[Dataset entries — start]
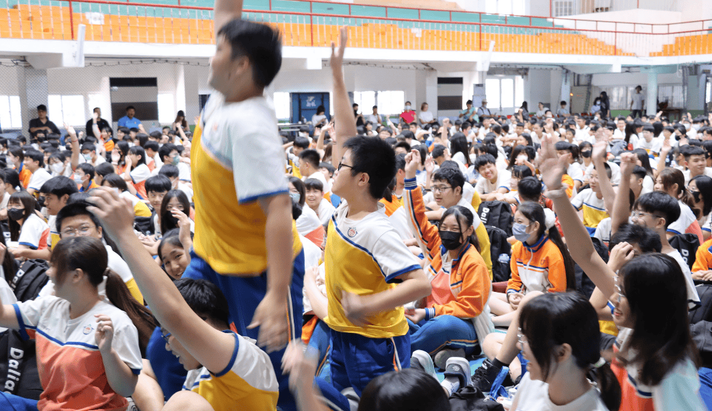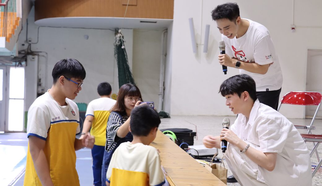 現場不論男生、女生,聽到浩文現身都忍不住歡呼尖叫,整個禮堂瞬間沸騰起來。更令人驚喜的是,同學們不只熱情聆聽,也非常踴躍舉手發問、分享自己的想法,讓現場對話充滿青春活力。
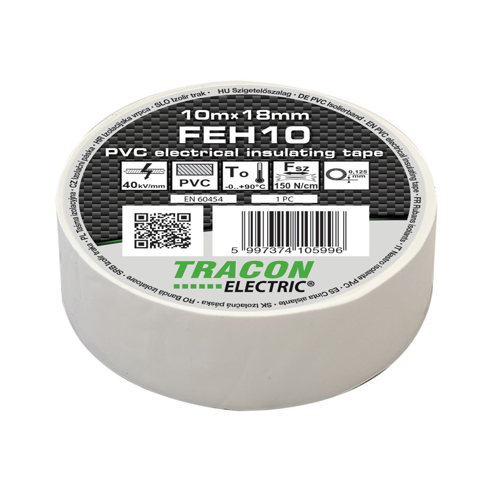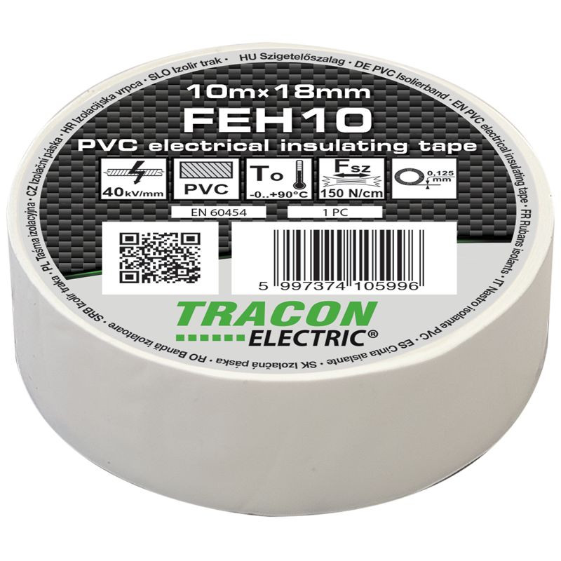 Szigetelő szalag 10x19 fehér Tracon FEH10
[Dataset entries — finish]
[Dataset entries — start]
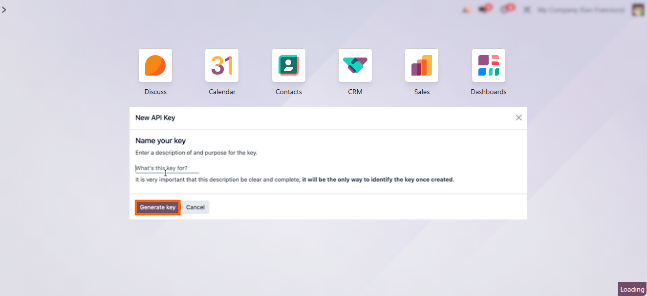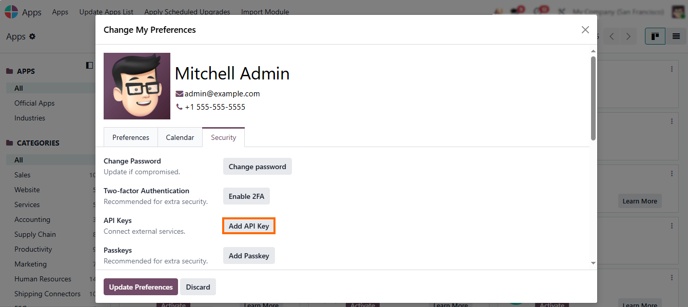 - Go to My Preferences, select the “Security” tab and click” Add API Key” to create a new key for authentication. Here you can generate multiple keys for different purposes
[Dataset entries — finish]
--- Exercise ---
Repeat exactly the stretch of the listing above that starts with the line holding "現場不論男生、女生,聽到浩文" and finishes with the line holding "Szigetelő szalag 10x19 fehér Tracon FEH10", both included. Skip every picture.

--- Written response ---
 現場不論男生、女生,聽到浩文現身都忍不住歡呼尖叫,整個禮堂瞬間沸騰起來。更令人驚喜的是,同學們不只熱情聆聽,也非常踴躍舉手發問、分享自己的想法,讓現場對話充滿青春活力。
 Szigetelő szalag 10x19 fehér Tracon FEH10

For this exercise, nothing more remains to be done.